No order entered under this act [30-12-1 to 30-12-11 NMSA 1978] may authorize or approve the interception of any wire or oral communication for any period longer than is necessary to achieve the objective of the authorization, nor in any event longer than thirty days. Extensions of an order may be granted, but only upon application for an extension, made in accordance with Section 30-12-3 NMSA 1978, and if the court makes the findings required by Section 30-12-4 NMSA 1978. The period of extension shall be no longer than the authorizing judge deems necessary to achieve the purpose for which it was granted, and in no event longer than thirty days. Every order and extension thereof shall contain a provision that the authorization to intercept shall be executed as soon as practicable, shall be conducted in such a way as to minimize the interception under this act and shall terminate upon attainment of the authorized objective, or in any event within thirty days. Whenever an order authorizing interception is entered pursuant to this act, the order may require reports to be made to the judge who issued the order, showing what progress has been made toward achievement of the authorized objective and the need for continued interception. The reports shall be made at such times as the judge may require.
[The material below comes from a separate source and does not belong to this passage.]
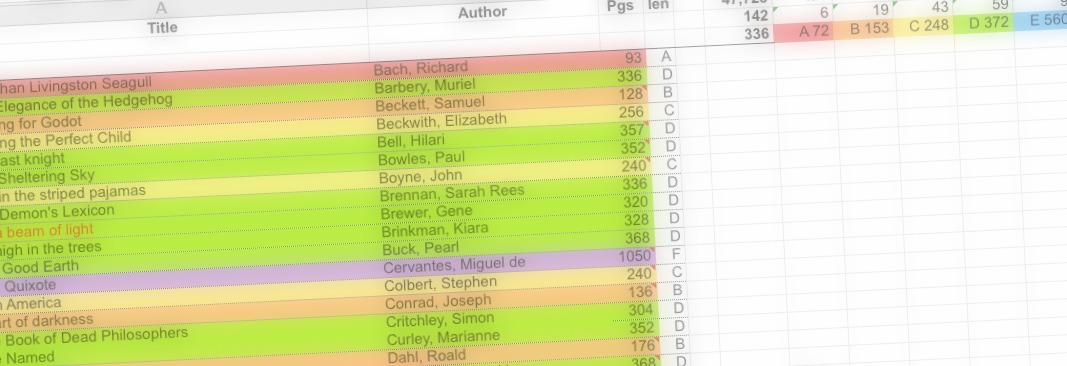 Does this give you some insight into how my mind works? I really adore spreadsheets. This one has formulas to calculate the average book length per year and an entire sheet devoted to tracking what percentage of all the books I’ve read were read in a given year. The first sheet is my to-read list. If you’re confused, please just go look at it. It might make sense. Or it might not.

History: 1953 Comp., § 40A-12-1.5, enacted by Laws 1973, ch. 369, § 6.
Interception of nonrelevant conversations. — This section does not forbid interception of all nonrelevant conversations, but, like the federal statute, mandates the government to conduct the surveillance so as to minimize the interception of such conversations. Factors to be considered in determining whether the government acted reasonably in a given case may include, but are not limited to, the complexity of the criminal operation, whether the callers are using ambiguous or coded language, whether the applicable telephone is public or residential, the length of time of the wiretap and of the telephone calls, and the extent of judicial supervision. State v. Manes, 1991-NMCA-025, 112 N.M. 161, 812 P.2d 1309, cert. denied, 112 N.M. 77, 811 P.2d 575, and cert. denied, 502 U.S. 942, 112 S. Ct. 381, 116 L. Ed. 2d 332 (1991).
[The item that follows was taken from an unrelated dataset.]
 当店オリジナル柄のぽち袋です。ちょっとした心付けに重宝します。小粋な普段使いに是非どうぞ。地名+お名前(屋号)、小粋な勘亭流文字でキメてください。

The defendant argued that the police, who wiretapped his phone, failed to properly minimize the interception of unauthorized communications, those involving his wife, mother, and children. To prevail, he had to show a pattern of interception of innocent conversations which developed over the period of the wiretap; it was insufficient if he merely identified particular calls which he contended should not have been intercepted. State v. Manes, 1991-NMCA-025, 112 N.M. 161, 812 P.2d 1309, cert. denied, 112 N.M. 77, 811 P.2d 575, and cert. denied, 502 U.S. 942, 112 S. Ct. 381, 116 L. Ed. 2d 332 (1991).
Law reviews. — For survey of 1990-91 criminal procedure and evidence, see 22 N.M.L. Rev. 713 (1992).